Q: Why is Kafka so fast?
Answer:
Kafka achieves extraordinary throughput (millions of messages/second) through several deliberate architectural decisions.
1. Sequential I/O (Append-Only Log)
Kafka writes messages to disk in a strictly sequential, append-only fashion. It never does random disk seeks.
Sequential disk writes are shockingly fast — often 600 MB/s+ on modern SSDs, compared to ~100 KB/s for random writes. This is because the OS can fully leverage disk write-ahead buffers and avoid head movement on HDDs.
2. Zero-Copy (sendfile)
When a consumer reads data, the normal path involves 4 copies:
Disk → Kernel Buffer → User Space → Socket Buffer → NIC
Kafka uses the Linux sendfile() system call to skip user space entirely:
Disk → Kernel Buffer → NIC (zero-copy, 2 copies instead of 4)
This eliminates context switches and memory copies, reducing CPU usage and increasing throughput dramatically.
3. Page Cache (OS-Level Caching)
Kafka does NOT manage its own in-memory cache. Instead, it relies on the OS page cache. When data is written to disk, the OS caches it in RAM. When consumers read recent data, it's served directly from the page cache — essentially a free, automatically managed in-memory read cache.

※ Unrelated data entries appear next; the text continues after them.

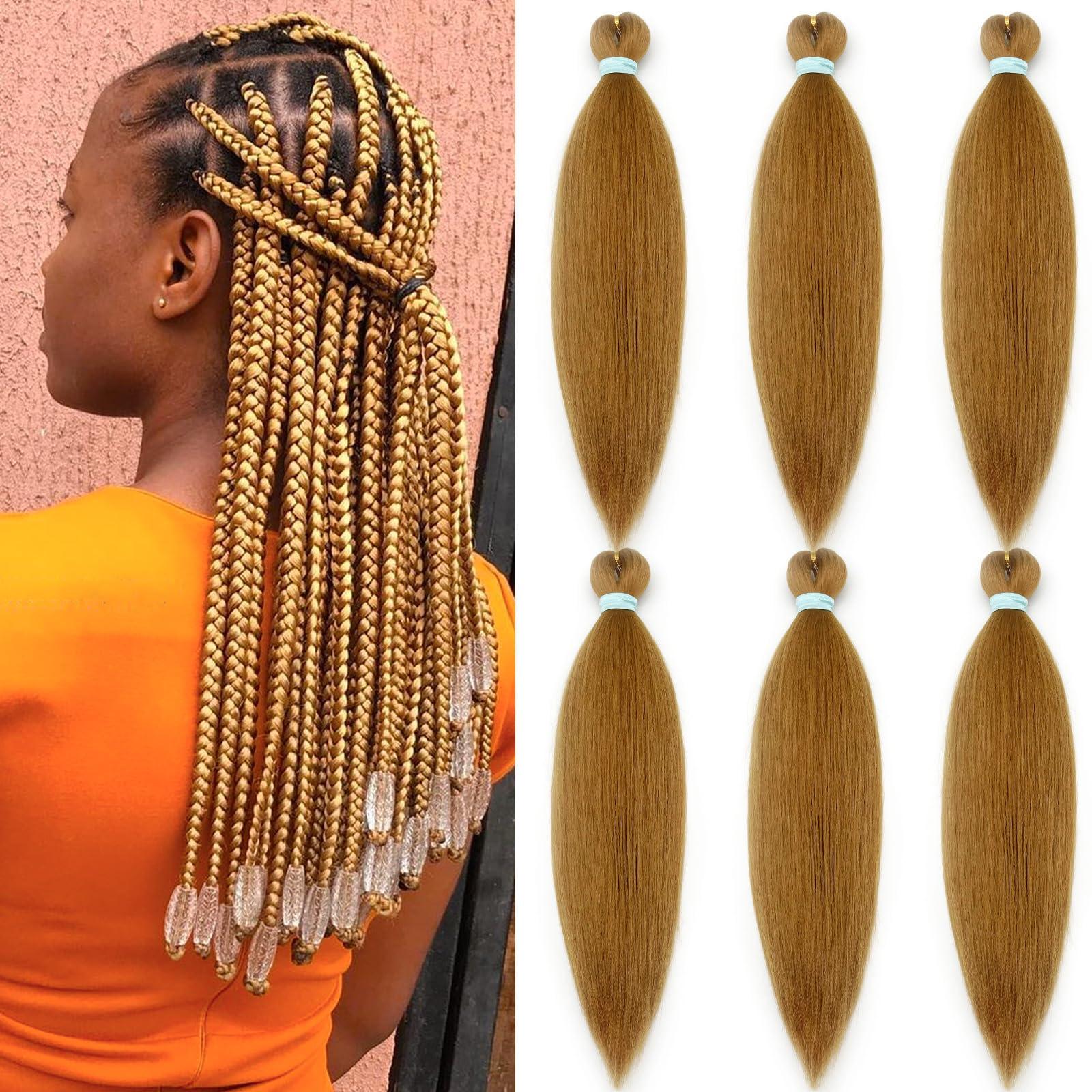 - Color 27 Braiding Hair Material: Honey Blonde Braiding Hair Pre Stretched Is Made By High-Quality Flame-Retardant Synthetic Fiber, Feel Soft As Human Hair For Braiding.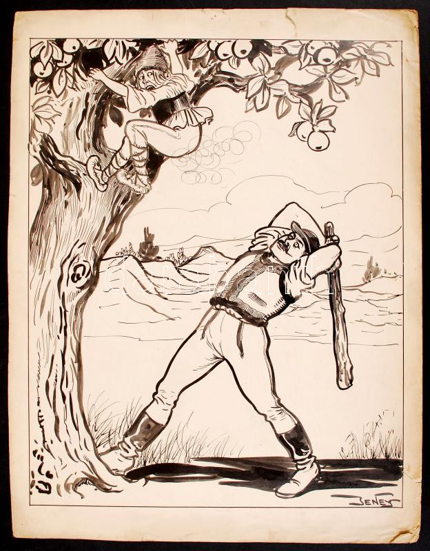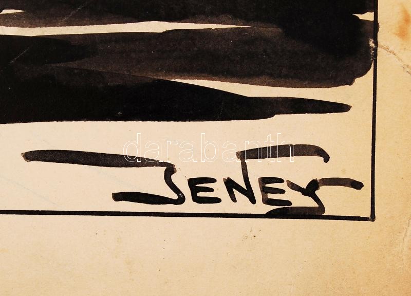 Jeney Jenő (1874-1942): Tettenérés. Vegyes technika, papír, jelzett, apró szakadások, 37×30 cm
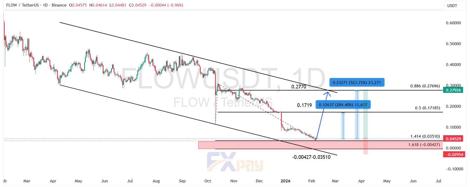 قیمت ارز دیجیتال Flow ٬ پس از یک دوره اصلاح طولانی و نوسان در قالب یک ساختار نزولی، اکنون در محدوده حمایتی معتبر ۰/۰۰۴۲۷- تا ۰/۰۳۵۱۰ دلار با واکنش مثبت خریداران مواجه شده است. این محدوده که با سطوح ۱/۴۱۴ و ۱/۶۱۸ فیبوناچی اکستنشن و کف کانال نزولی همپوشانی دارد، مانع از ریزش بیشتر قیمت شده و زمینهساز تشکیل یک کف حمایتی مستحکم شده است.
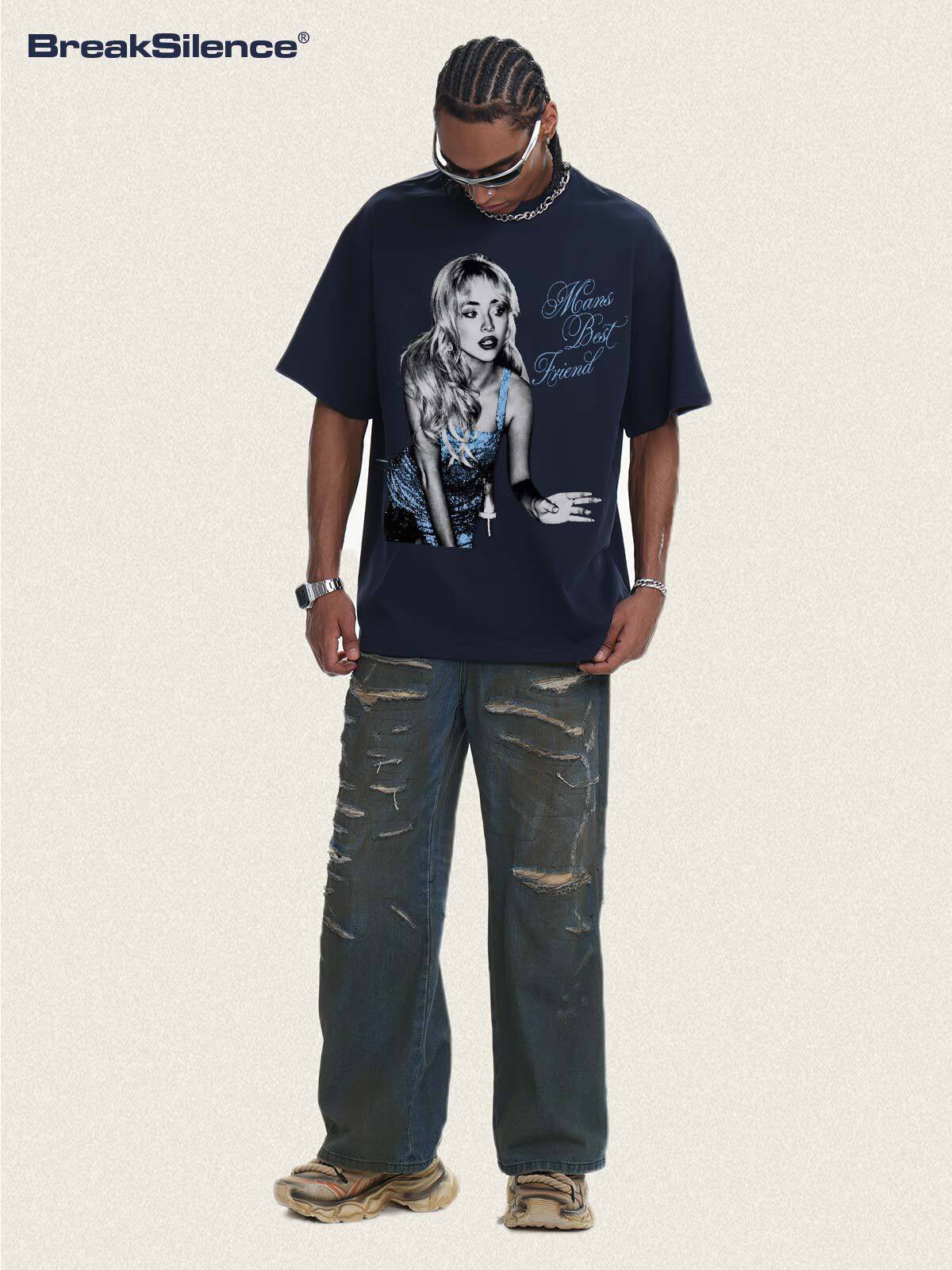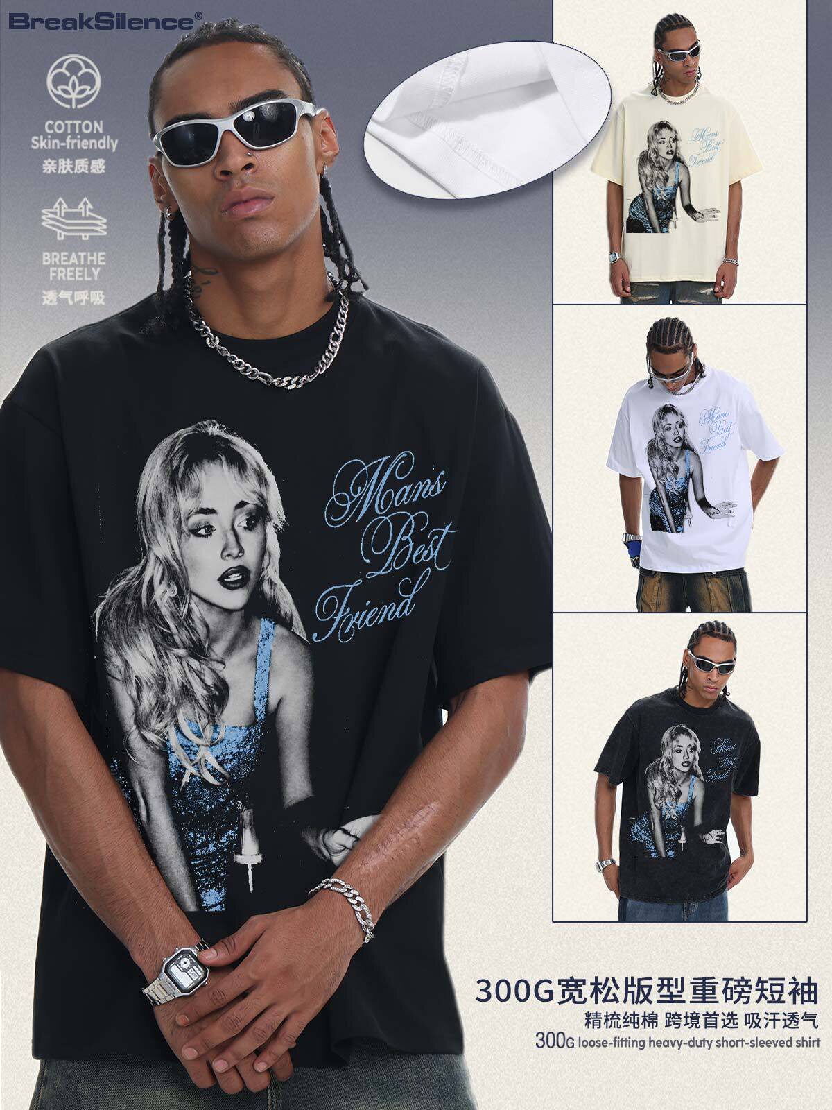 📚 Miley Cyrus 美式高街复古炒雪花短袖T恤男女宽松纯棉小领口半袖

Hot data (recent): Served from OS page cache (RAM speed)
Cold data (old): Read from disk (still fast due to sequential reads)
This is why Kafka's performance is often counter-intuitive: it writes to "disk" but reads from "memory."
4. Batching + Compression
Producers batch many messages together and optionally compress them. This means:
- Fewer network round trips
- Less disk I/O (one write for many messages)
- Smaller on-disk footprint
5. Partitioning (Horizontal Scaling)
Each partition is an independent log. Multiple partitions can be read/written in parallel across different brokers and consumers. Adding partitions and brokers scales throughput linearly.
6. No Per-Message Acknowledgment to Consumers
Unlike RabbitMQ (which tracks ACK per message), Kafka consumers simply track their offset position. There's no per-message bookkeeping on the broker side, which eliminates enormous overhead.
Summary
| Technique | Benefit |
|---|---|
| Sequential I/O | Fast disk writes, no seeks |
| Zero-copy (sendfile) | Minimal CPU for data transfer |
| Page cache | Hot data served from RAM |
| Batching | Amortized network/disk overhead |
| Compression | Less bandwidth and storage |
| Partition parallelism | Linear horizontal scaling |
| Offset-based tracking | No per-message broker state |
[!TIP] In interviews, the two killer points are sequential I/O and zero-copy. These are what fundamentally differentiate Kafka's performance from traditional message brokers that rely on random I/O and per-message routing.